January 18, 2023
Incubators and Venture Builders are groups that help early-stage startups grow and develop. They do this by giving them resources like space, mentorship, and access to funding. There are a few things you can do to make your incubator work better:
Take stock in new businesses — By buying a piece of the startups in your incubator, you can make sure that your interests are aligned with theirs and add value with your knowledge and connections.
Invest time and services in exchange for equity — Incubators can help with money, but they can also invest time and services in exchange for equity.
This can help you get the most out of your startup investments and make sure you have a lot riding on their success.
Use your network to your advantage — Incubators often have strong networks of industry experts, investors, and other important people who can help the startups in their portfolio. By using these connections, incubators can help their portfolio companies find, screen, and get help from startups.
Charge for expert services — Incubators can also make money by charging startups for the work they do using their expert services. This can help the incubator make more money and also help the startups while creating jobs for their expert network.
Pay experts and service providers with sweat equity — Instead of paying experts and service providers with cash, incubators can also think about using sweat equity (carry) from the portfolio as payment.
This can give experts and service providers a reason to work harder to make sure that the startups in the incubator are successful.
Reinvest in the best startups — Incubators can also think about reinvesting in the best-performing startups in their portfolio, which can help to drive more growth and value. They don’t need a dual structure (Studio + fund) to do that well.
Build a portfolio of startups from different industries and stages of development. Lastly, incubators can improve their performance by building a portfolio of startups from different industries and stages of development. This can help spread risk and give the incubator a better chance of being successful.
Raise continuously and progressively — For Venture Studios, it is important to make it easy for investors to invest at any time, in order to attract and retain capital. This can be done by providing a seamless and user-friendly online platform that allows investors to quickly and easily invest in the studio’s portfolio companies through FAST tokens. This platform should be accessible from anywhere and at any time, allowing investors to make quick investment decisions and take advantage of opportunities as they arise. Additionally, the platform should be designed to be compliant with securities regulations and provide investors with transparency, immutability and security of transactions. By making it easy for investors to invest at any time, venture studios can attract and retain more capital, and ultimately drive growth and success for their portfolio companies.

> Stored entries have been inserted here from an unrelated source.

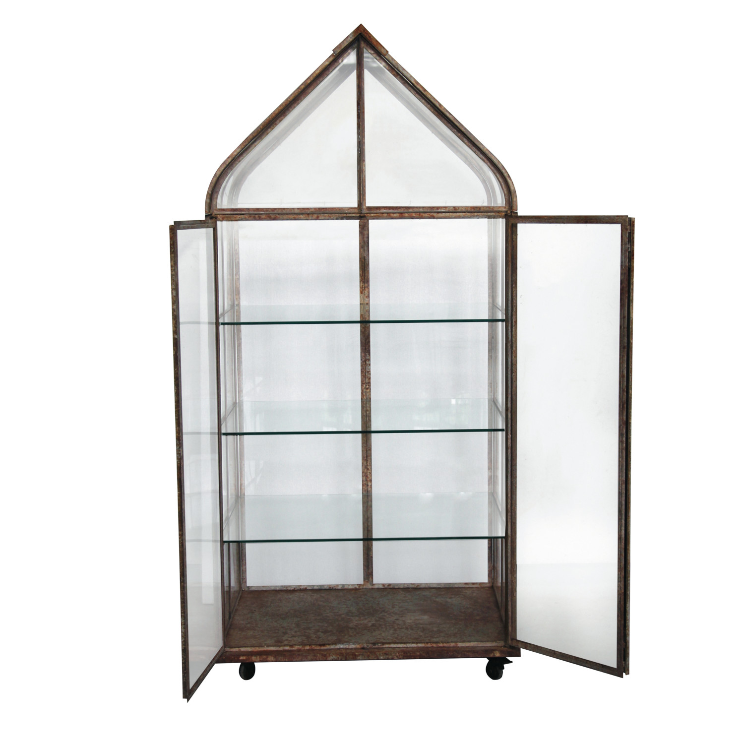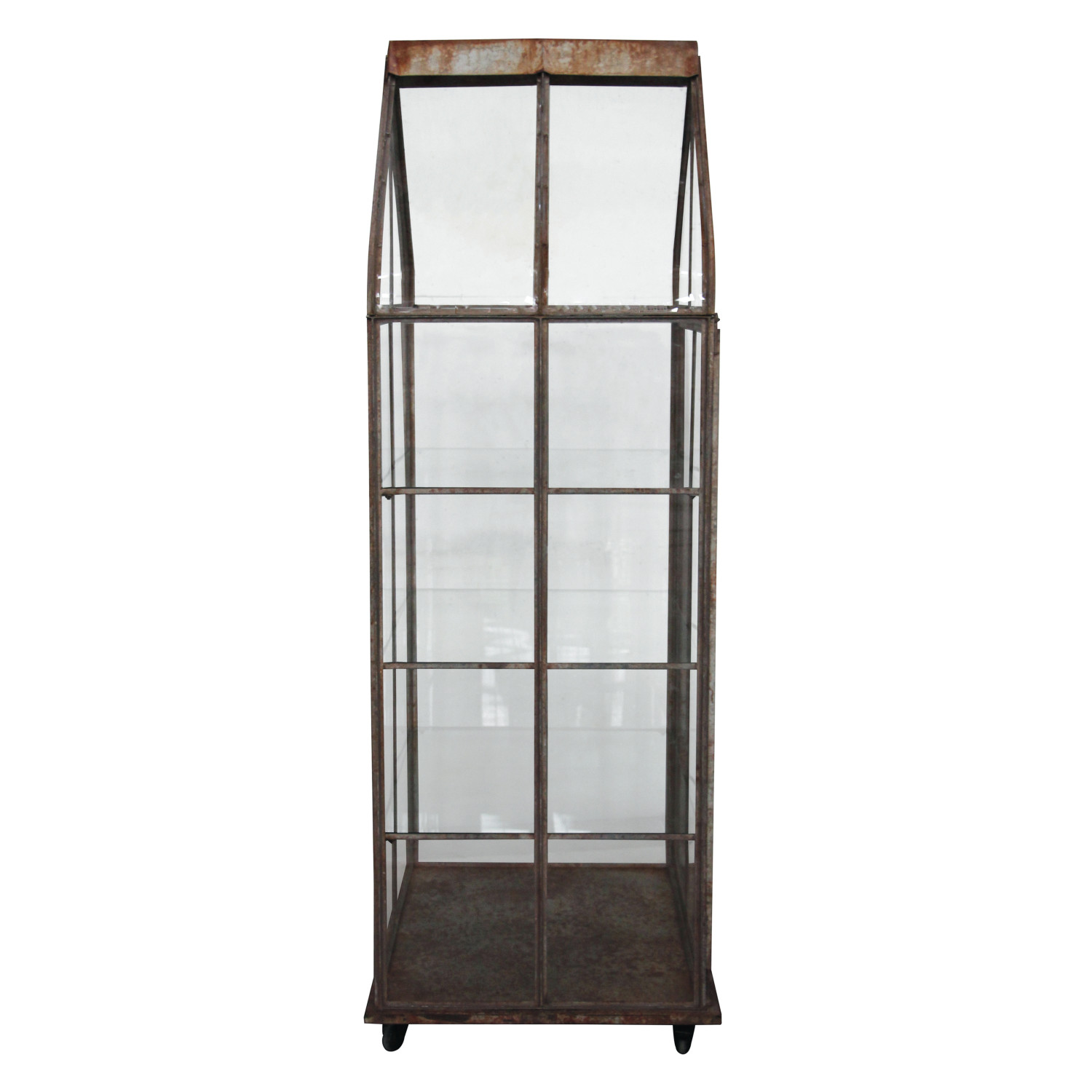 Catalog Name: 32-1/4"L x 24-1/4"W x 70"H Metal & Acrylic Terrarium on Casters w/ 3 Glass Shelves, Heavily Distressed Finish, KD, Truck Ship (Each One Will Vary)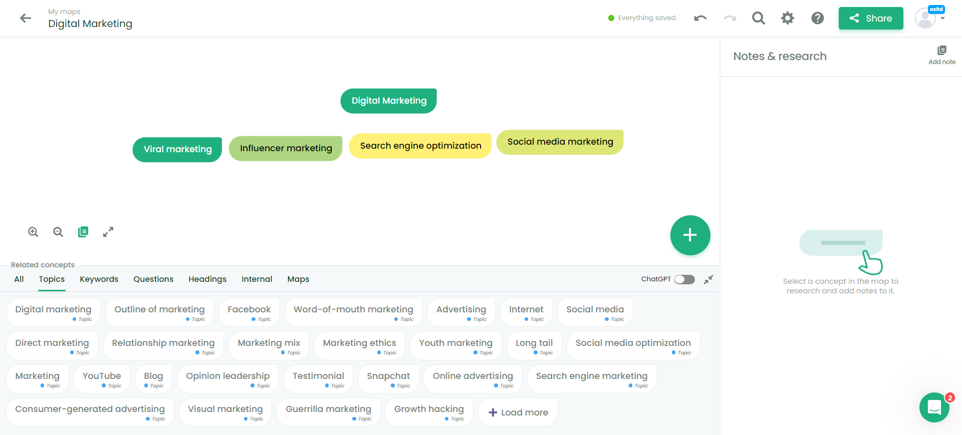 For instance, under 'SEO,' you might have sub-branches like 'Keyword Difficulty' or 'SERP' This level of detail is crucial for thorough content planning and helps uncover highly specific and targeted content ideas.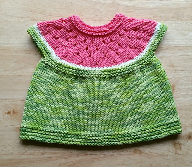 Очень люблю вещи с арбузными рисунками. Дочка уже носит арбузные костюмы, сарафан, шорты, купальник — а мне все мало. Когда вижу в интернете еще и вязаные вещи — мое сердце замирает. Делюсь.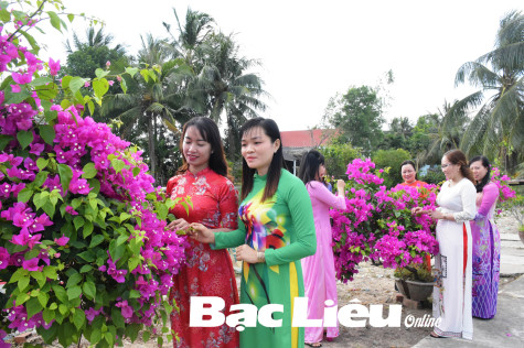 Trải dài trên hàng chục cây số tuyến đường Vĩnh Mỹ - Phước Long, Ninh Quới - Cầu Sập đi qua địa bàn Phước Long, nếu như người đi đường bị choáng ngợp bởi hoa hoàng yến thì những tuyến bên trong ấp NTM kiểu mẫu có điểm nhấn hoa dừa cạn, hoa giấy, hoa chiều tím, hoa huệ… được trồng đồng bộ gần như bao phủ hai bên tuyến đường. Chị Trương Thanh Xuân cho biết, đây là công trình của mọi người dân NTM, nhưng Hội Phụ nữ các xã, thị trấn đã tích cực vận động hội viên của mình trồng hoa, cây xanh thay thế cỏ dại ở hai bên đường, ở các khu đất trống quanh nhà. Việc làm đó vừa hưởng ứng phong trào “5 không - 3 sạch”, vừa tạo mỹ quan cho NTM. Các tuyến đường hoa được giao cho các chi hội phụ nữ quản lý, chăm sóc.

Fungible Asset-backed Security Token, or FAST, is a technology platform that lets people buy and sell privately held securities, like those issued by startups. There are a few reasons why incubators might not be able to work at their best without FAST or a similar platform:
Venture capital (VC) funds and special-purpose vehicles (SPVs) may not be flexible or liquid enough. SPVs and VC funds can be good ways to invest in startups, but there are some problems to think about. First of all, these funds usually need a track record and endless patience and connection to attract investors. Lastly, the carried interest (sweat equity) from these funds isn’t always easy to use to pay experts on a large scale, which can make it harder to find and keep top talent.
On the other hand, FAST makes buying and selling privately held securities easier and more liquid. This makes it a better choice for incubators that want to improve their performance. Lack of liquidity can make it harder to re-use capital and put it to better use. For incubators to be able to cover their operating costs and put more money into startups to increase diversification, they need to be able to quickly recycle capital. Without the money that FAST or a VC fund gives them, it might be harder for incubators to do this. But FAST has a number of benefits in terms of liquidity that can help incubators improve the performance of their portfolios. For instance, FAST lets incubators invest in startups in small amounts over time, which can be better for managing risk. Also, unlike closed-ended funds and SPVs, investors and operating partners can join FAST at any time, which makes it easier for networks to work together.
Lastly, FAST lets incubators get more money without selling startup shares. They can do this by selling FAST tokens, which are economic interests in the whole portfolio. This can help incubators keep their stake in the startups while still recycling capital to use more effectively.
FAST gets rid of administrative work and gives better options for getting cash — Using FAST or a similar platform can help cut down on the paperwork needed to buy and sell privately-held securities. It can also give everyone involved better liquidity options. This could help incubators work better and more efficiently. People often underestimate how much work it takes to manage a portfolio of privately held securities, but FAST can help to make this process easier in several ways. For example, FAST can make it easier to track and manage ownership interests by automating the process. This makes it less important to keep records by hand.
Also, FAST can offer a clear and open platform for buying and selling securities, making it less likely that mistakes or misunderstandings will happen. By using FAST, incubators can focus on helping their startups grow and develop instead of being bogged down by paperwork.
If you want to improve the performance of your incubator and are thinking about using FAST or a similar platform, we recommend that you run some scenarios to see what the benefits might be. By simulating different situations and looking at the results, you can learn more about how FAST can help your incubator work better. This can include looking at the effects of different investment strategies, figuring out how liquid and flexible FAST is, and figuring out how to get more people involved in the network and recycle capital more effectively.